I use autofs, for personal taste, but one can directly put the mount in fstab
sudo apt-get install nfs-common autofs
sudo vi /etc/auto.master
cat /etc/auto.master
#
# Sample auto.master file
# This is an automounter map and it has the following format
# key [ -mount-options-separated-by-comma ] location
# For details of the format look at autofs(5).
#
/misc /etc/auto.misc
#
# NOTE: mounts done from a hosts map will be mounted with the
# "nosuid" and "nodev" options unless the "suid" and "dev"

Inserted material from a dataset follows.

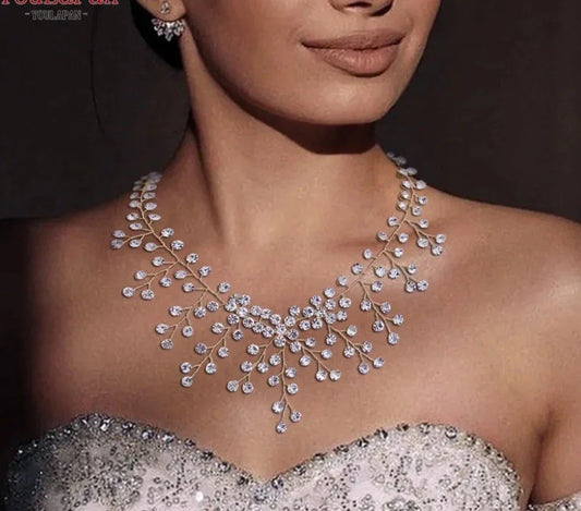 Crystal Floral Necklace – Luxury Bridal Statement Jewelry for Evening Events

# options are explicitly given.
#
/net -hosts
#
# Include central master map if it can be found using
# nsswitch sources.
#
# Note that if there are entries for /net or /misc (as
# above) in the included master map any keys that are the
# same will not be seen as the first read key seen takes
# precedence.
#
+auto.master
/nfs /etc/auto.nfs -rw,noatime,hard
sudo vi /etc/auto.nfs
cat /etc/auto.nfs
<users homes> -rw,soft,vers=3,rsize=32768,wsize=32768 <head node>:/<users homes>
sudo service autofs restart
sudo ln -s /nfs/users_homes /users_homes
with same uid/gid
mkdir torque
cd torque/
tar -xzf ../torque-ubuntu-12.04.4.tar.gz
sudo ./torque-package-mom-linux-x86_64.sh --install;
sudo ./torque-package-clients-linux-x86_64.sh --install;
sudo ./torque-package-pam-linux-x86_64.sh --install;
sudo ./torque-package-drmaa-linux-x86_64.sh --install;
sudo ./torque-package-devel-linux-x86_64.sh --install;
sudo ./torque-package-doc-linux-x86_64.sh --install
Add the same stuff as before to the ld config file
sudo vi /etc/ld.so.conf.d/torque.conf
sudo ldconfig
Copy the init script and change the DAEMON and PBS_HOME paths
sudo cp contrib/init.d/debian.pbs_mom /etc/init.d/pbs_mom
sudo chmod +w /etc/init.d/pbs_mom
sudo vi /etc/init.d/pbs_mom
put here the name of the head node
sudo vi /var/lib/torque/server_name
sudo service pbs_mom start
Now one can check that the node is good running the following command on the headnode
pbsnodes
<node name>
state = free
np = <number of procs>
ntype = cluster
status =
....
copy munge key from the headnode
sudo cp munge.key /etc/munge/
sudo chown munge:munge /etc/munge/munge.key
sudo chmod 400 /etc/munge/munge.key
sudo service munge start
verify that you can run qstat
on the node
to allow submission from a node you have to run on the headnode
qmgr -c 'set server authorized_users = *@'
the login as a user on the node. Create a simple script script.sh
pwd ls -l id uname -a
then run
chmod +x script.sh qsub -keo ./script.sh .llrtest02.in2p3.fr
you should see files script.sh.(o|e)<job id>
in your home with the stdout and stderr of your job
tar -xzf torque-2.5.13.tar.gz
cd torque-2.5.13
./configure --prefix=/usr --mandir=/usr/share/man --libdir=/usr/lib64 --includedir=/usr/include --with-server-home=/var/lib/torque --with-default-server=localhost --enable-munge-auth --enable-munge-library --with-tcp-retry-limit=2 --disable-gui --with-tcl=no --with-tk=no --with-pam=yes --enable-syslog --enable-rpp --with-rcp=scp --enable-drmaa
make
make package
tar -czf torque-ubuntu-12.04.4.tar.gz torque-package-* torque.setup contrib
and put it somewhere we can download on all the machines.